Reproduce, exactly and in full, the lines from the one with "I tried the" through the one with "ピンクが好きな三女のために和" in the data below; drop pictures.

Data under study:
== Segment start ==

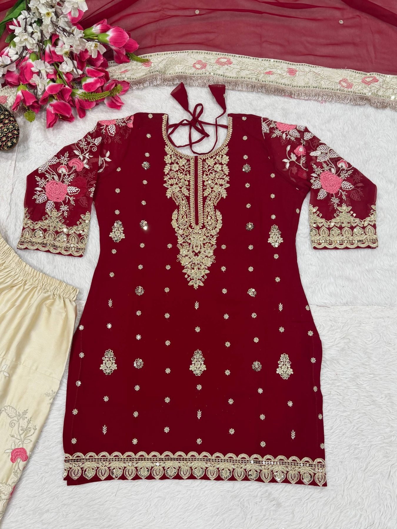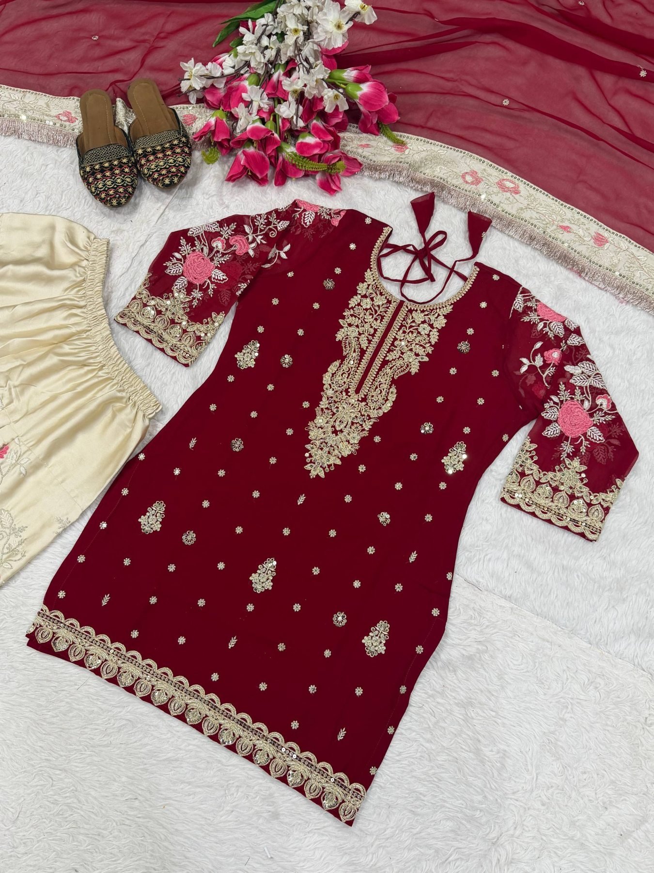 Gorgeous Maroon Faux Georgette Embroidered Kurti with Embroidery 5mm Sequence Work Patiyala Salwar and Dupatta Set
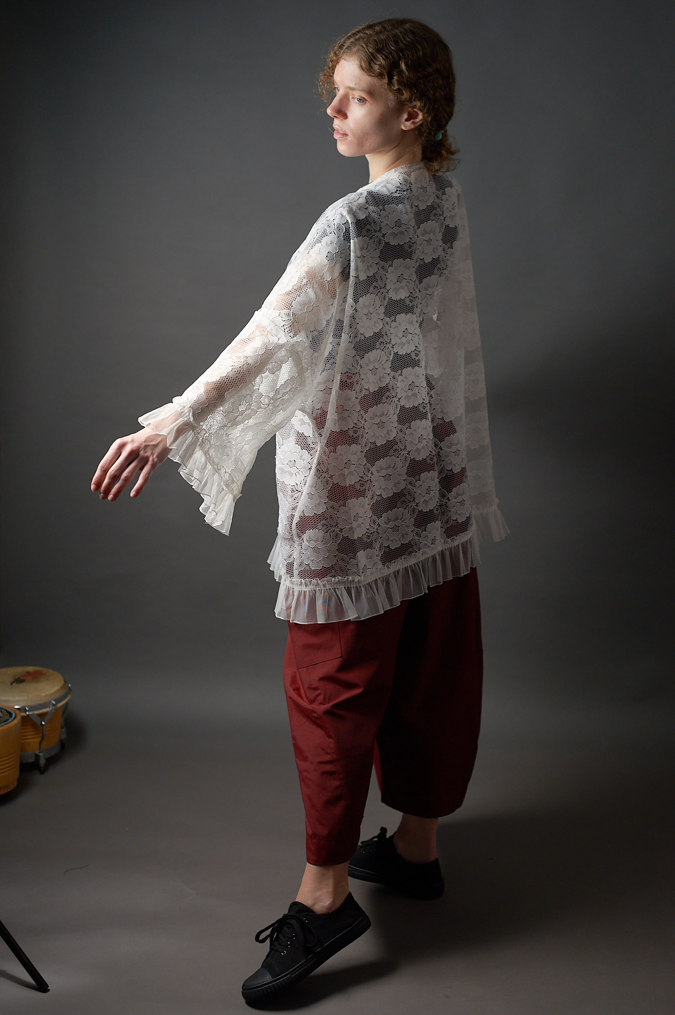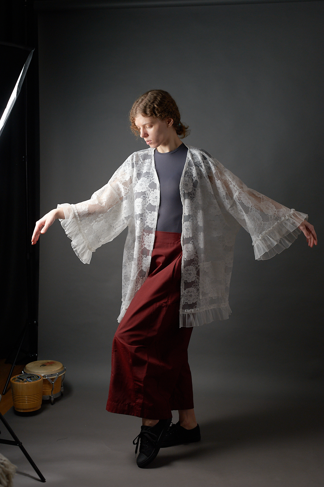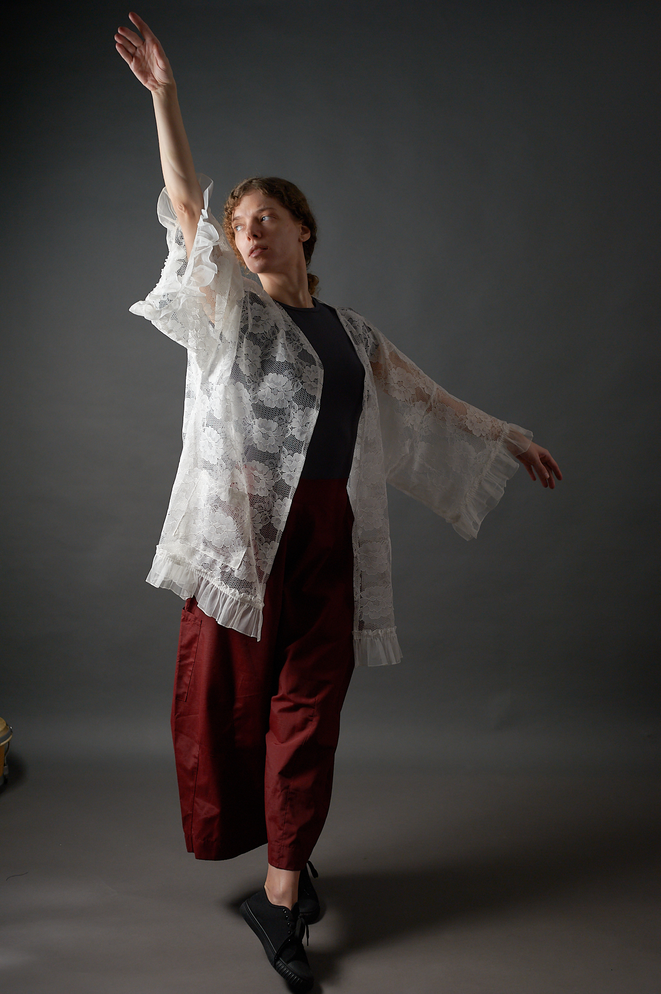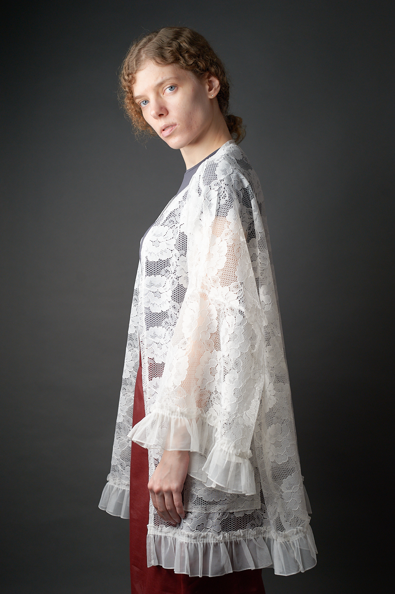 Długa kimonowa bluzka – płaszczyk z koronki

== Segment end ==
== Segment start ==

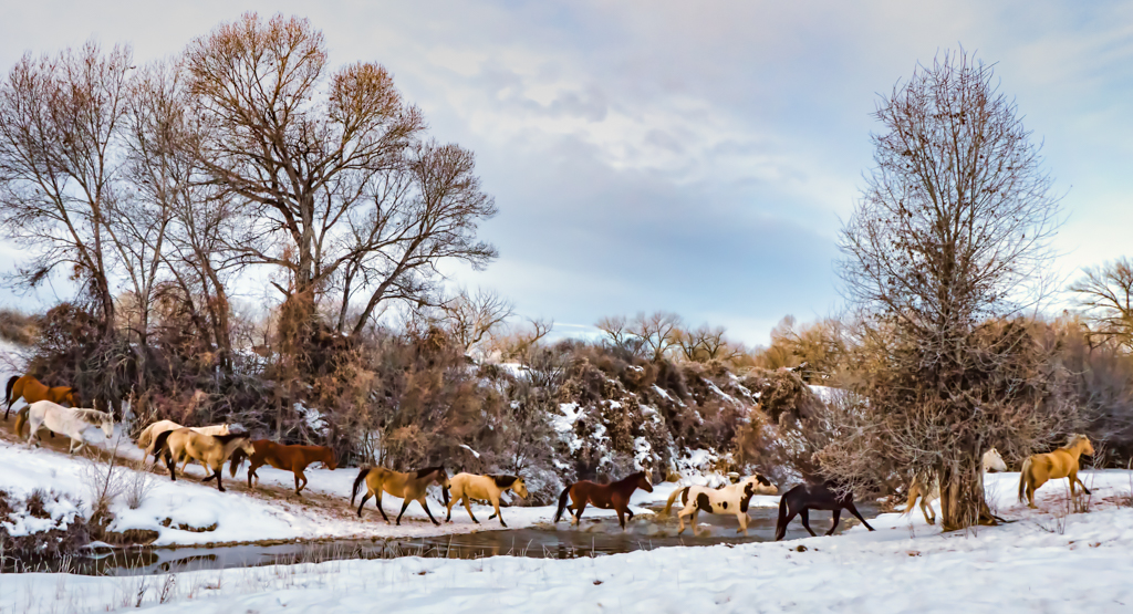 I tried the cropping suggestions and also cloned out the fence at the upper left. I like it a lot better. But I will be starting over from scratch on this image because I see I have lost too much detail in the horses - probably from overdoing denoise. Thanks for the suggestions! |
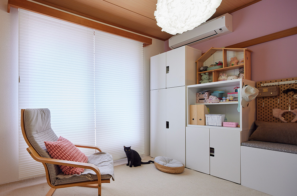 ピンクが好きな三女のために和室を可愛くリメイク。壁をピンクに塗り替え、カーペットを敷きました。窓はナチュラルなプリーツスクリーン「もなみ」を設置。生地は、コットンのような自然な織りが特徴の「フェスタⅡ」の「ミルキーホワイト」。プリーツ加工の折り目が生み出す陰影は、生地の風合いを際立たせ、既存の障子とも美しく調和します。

== Segment end ==

Task result:
 I tried the cropping suggestions and also cloned out the fence at the upper left. I like it a lot better. But I will be starting over from scratch on this image because I see I have lost too much detail in the horses - probably from overdoing denoise. Thanks for the suggestions! |
 ピンクが好きな三女のために和室を可愛くリメイク。壁をピンクに塗り替え、カーペットを敷きました。窓はナチュラルなプリーツスクリーン「もなみ」を設置。生地は、コットンのような自然な織りが特徴の「フェスタⅡ」の「ミルキーホワイト」。プリーツ加工の折り目が生み出す陰影は、生地の風合いを際立たせ、既存の障子とも美しく調和します。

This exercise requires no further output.